Ein ganz gewöhnliches E-Bike
Was bleibt also übrig vom Smartbike? Sieht man über das außergewöhnliche Design und den Marketingaufwand hinweg, steckt hinter der Fassade ein ganz gewöhnliches E-Bike mit Heckantrieb und geringer Akkuleistung. Ähnlich wie bei VanMoof, Cowboy und Co. revolutioniert das Angell E-Bike nicht alleine den urbanen Raum. Es ist lediglich eine Möglichkeit, sich etwas nachhaltiger fortzubewegen.
Für FahrerInnen mit Hang zur smarten-Steuerung des E-Bikes ist das Angell sicher interessant. Immerhin gibt es einige Features die durchaus innovativ sind. Für diejenigen, die allerdings etwas mehr Leistung an der Hardware erwarten, gibt es selbst in dieser Preislage sicher noch andere interessante Mitstreiter.

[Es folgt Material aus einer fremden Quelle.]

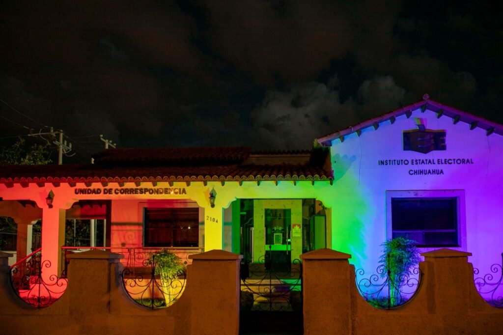 En apoyo a la población de la diversidad sexual y para conmemorar el 28 de junio, Día Internacional del Orgullo LGBTTTIQ+, las instalaciones del Instituto Estatal Electoral de Chihuahua (IEE), se iluminaron con la bandera del arcoíris, esto en el marco del 25 aniversario de la institución.
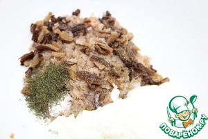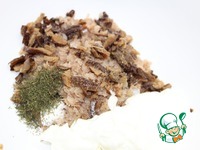 К хлопьям добавить мелкопорезанные грибы, добавить соль, сухой укроп, натуральный йогурт, можно питьевой.
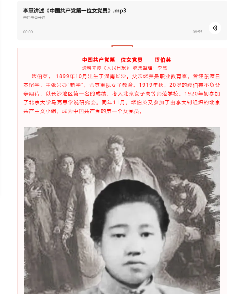 城南学院王志鹏老师生动讲述了周恩来总理《挤车体验》的故事,让听众深深感动于总理从细节入手,严谨、认真的工作作风。校工会副主席彭霞讲述《李先念下连队检查工作自称是通讯员》的故事,清亮干净的嗓音让人禁不住凝神静听。朗诵协会李慧会长深情讲述了《中国共产党第一位女党员——缪伯英》的故事,“我既以身许党,应为党的事业奋斗,直至牺牲。奈何因病行将逝世,未能战死沙场,真是恨事!”让听众不禁落泪。还有文学与新闻传播学院周雷老师讲述的《金色的鱼钩》、外国语学院刘音老师讲述的《陈云对家人实行“三不准”》、研究生院张茂华老师讲述的《手举马灯照万人》……每一个音频故事都承载着历史的厚重,蕴藏着珍贵的“红色记忆”。视死如归的革命烈士、顽强奋斗的英雄人物、忘我奉献的先进模范,在老师们的倾情讲述下变得鲜活起来。
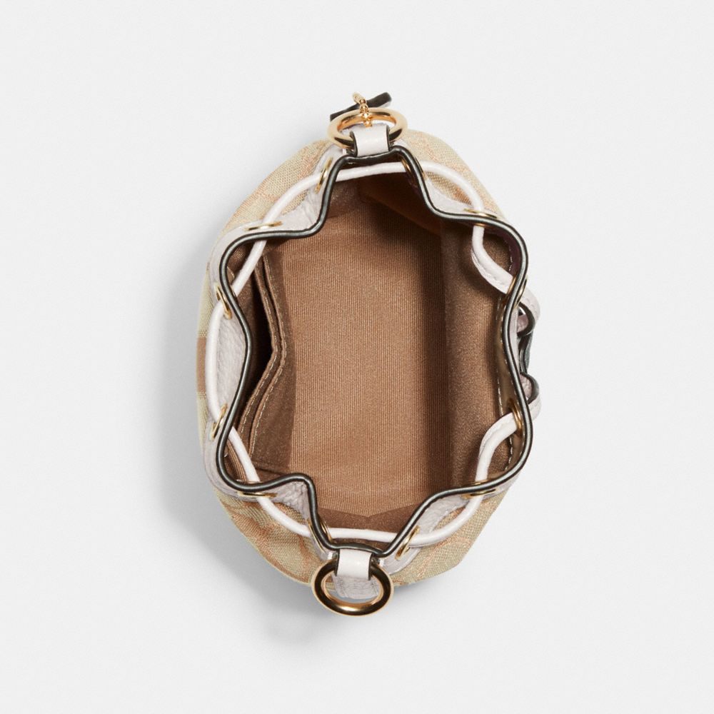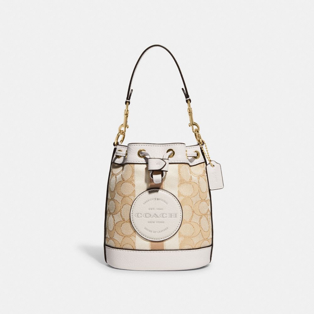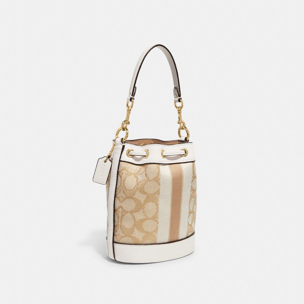 COACH FACTORY OUTLET PRICE CHART - C8322 - MINI DEMPSEY BUCKET BAG IN SIGNATURE JACQUARD WITH STRIPE AND COACH PATCH - GOLD/LIGHT KHAKI CHALK
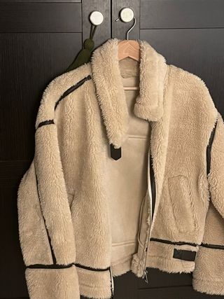 Abrigo de pelo sintético de Zara, talla S, en muy buen estado. Es suave, calentito y perfecto para el invierno. Diseño tipo biker con cierres metálicos y cremallera asimétrica, que le da un toque moderno y estiloso. • Color: marrón oscuro (muy combinable) • Tejido suave y agradable • Corte recto y cómodo • Cremalleras delanteras funcionales • Forro interior en perfecto estado (restaurado) El tejido interno de la cremallera de las mangas y los bolsillos es de polipiel y está algo desgastado debido al uso. Ver última imagen. Por lo demás está perfecto. Ideal para looks casuales o más arreglados. Usado muy poco y bien cuidado.
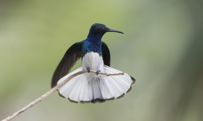 Both male and female White-necked Jacobins fan their tails during courtship or aggressive interactions. Because this bird also has its wings partially raised it's likely an aggressive stance.
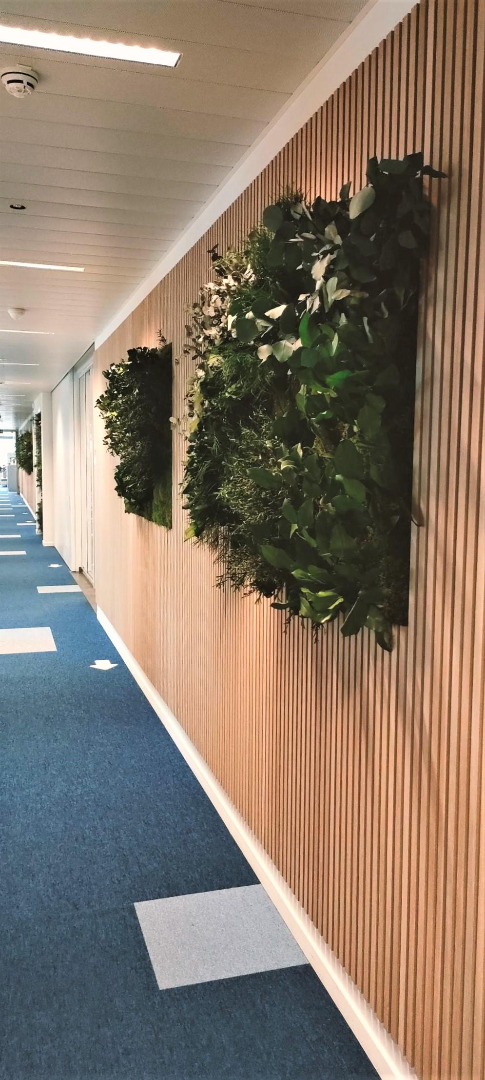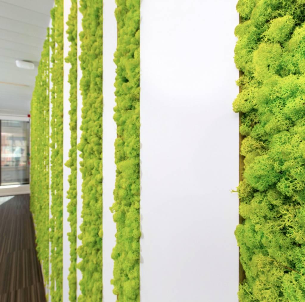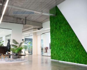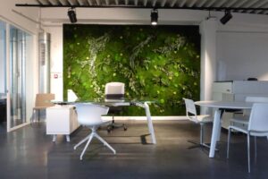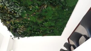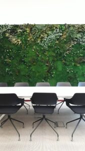 En plus d’ajouter une touche de verdure rafraîchissante à l’environnement de travail, les murs végétaux contribuent à purifier l’air en absorbant le dioxyde de carbone et en libérant de l’oxygène, créant ainsi un espace de travail plus sain et agréable… et tout cela, sans entretien !
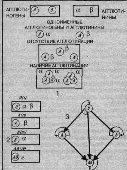 При наличии одноименных агглютиногенов и агглютининов (А и α, В и β) происходит реакция агглютинации (склеивания).
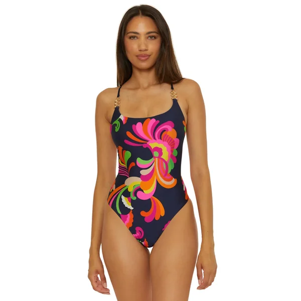 One piece swimsuit features gold plated hardware accents on the straps and a low back with unique twist detail. Offers removable soft cups, adjustable x-back straps, and moderate bottom coverage.
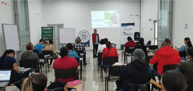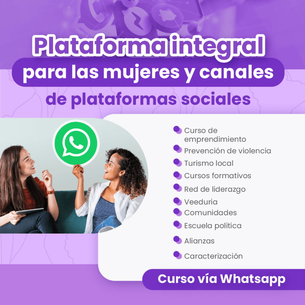 Este proyecto crea redes de apoyo y mentoría para mujeres a través de cursos cortos impartidos en WhatsApp. Los cursos abordan temas de formación ciudadana, veeduría, y participación política, con el objetivo de fomentar el liderazgo femenino. Al integrar estas temáticas, se empodera a las mujeres para que tomen roles activos en la toma de decisiones políticas y empresariales.
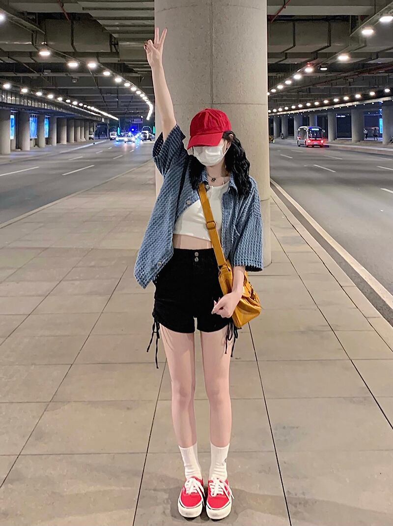 色:白いベスト,黒のショートパンツ,半袖ジャケット
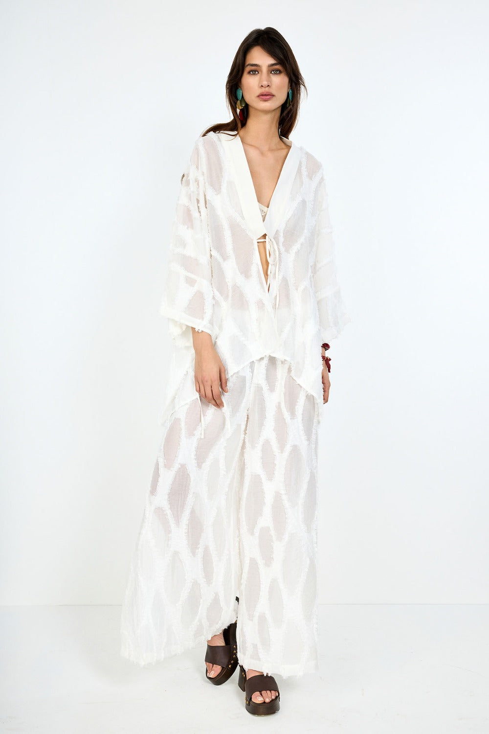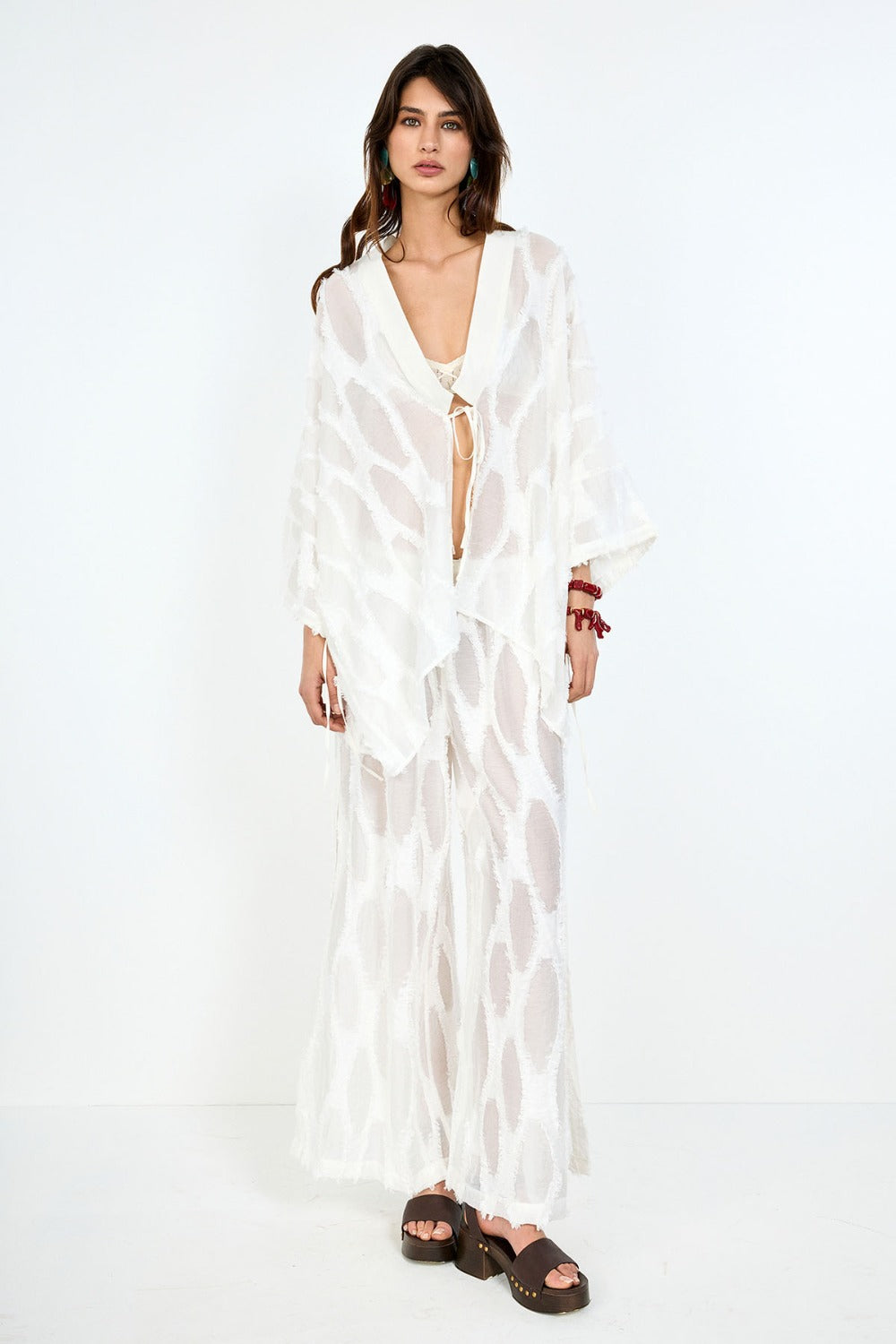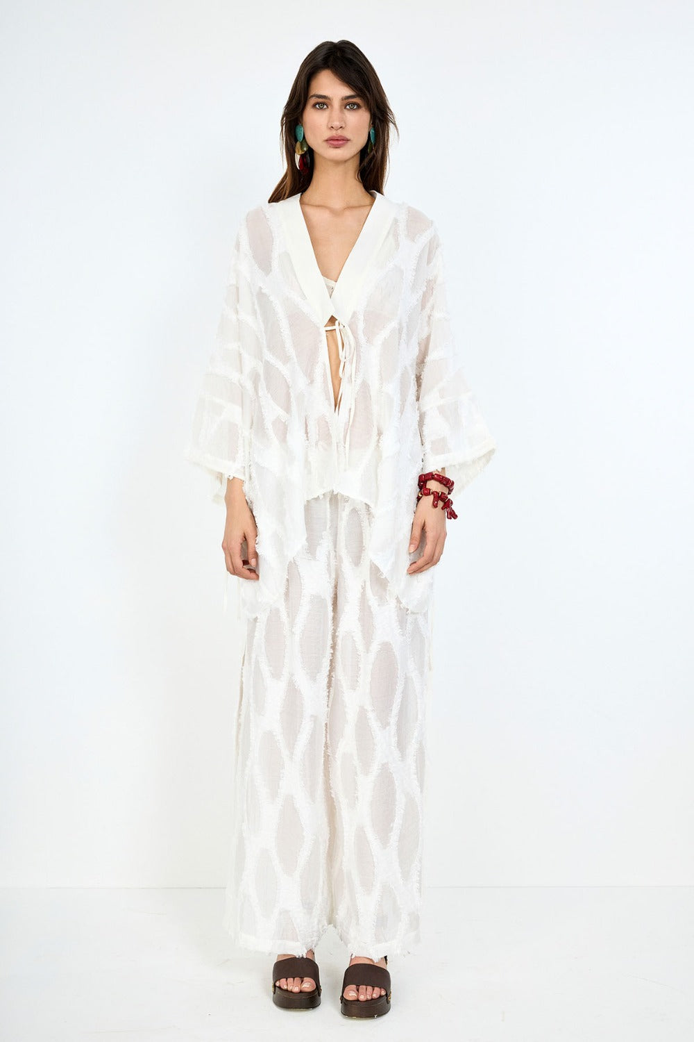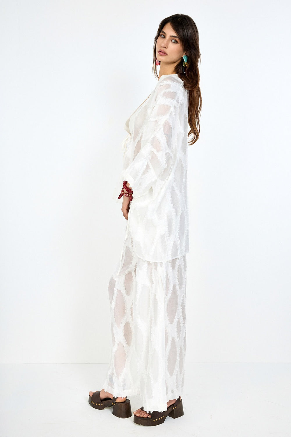 Minimalist çizgilerle Akdeniz ruhunu bir araya getiren Boneqa Beyaz Jakarlı Pantolon, yaz stilinizin sofistike tamamlayıcısı olmaya aday. Jakar dokulu özel kumaşı, hafif yapısı ve modern kesimiyle hem şehir hayatında hem tatilde konforla şıklığı bir araya getiriyor.

Denn der Preis des Angell fällt nicht gerade in den Low-Budget-Bereich. Sowohl die Version mit dem hohen abgeknickten Oberrohr als auch der Tiefeinsteiger Angell S/ kosten neu 2.860 Euro. Ob die E-Bikes den Preis wert sind, kannst du ganz leicht rausfinden. Über den Anbieter Listnride kannst du eine kostenlose Probefahrt auf dem Angell buchen. Derzeit ist das in Berlin, Hamburg und München möglich.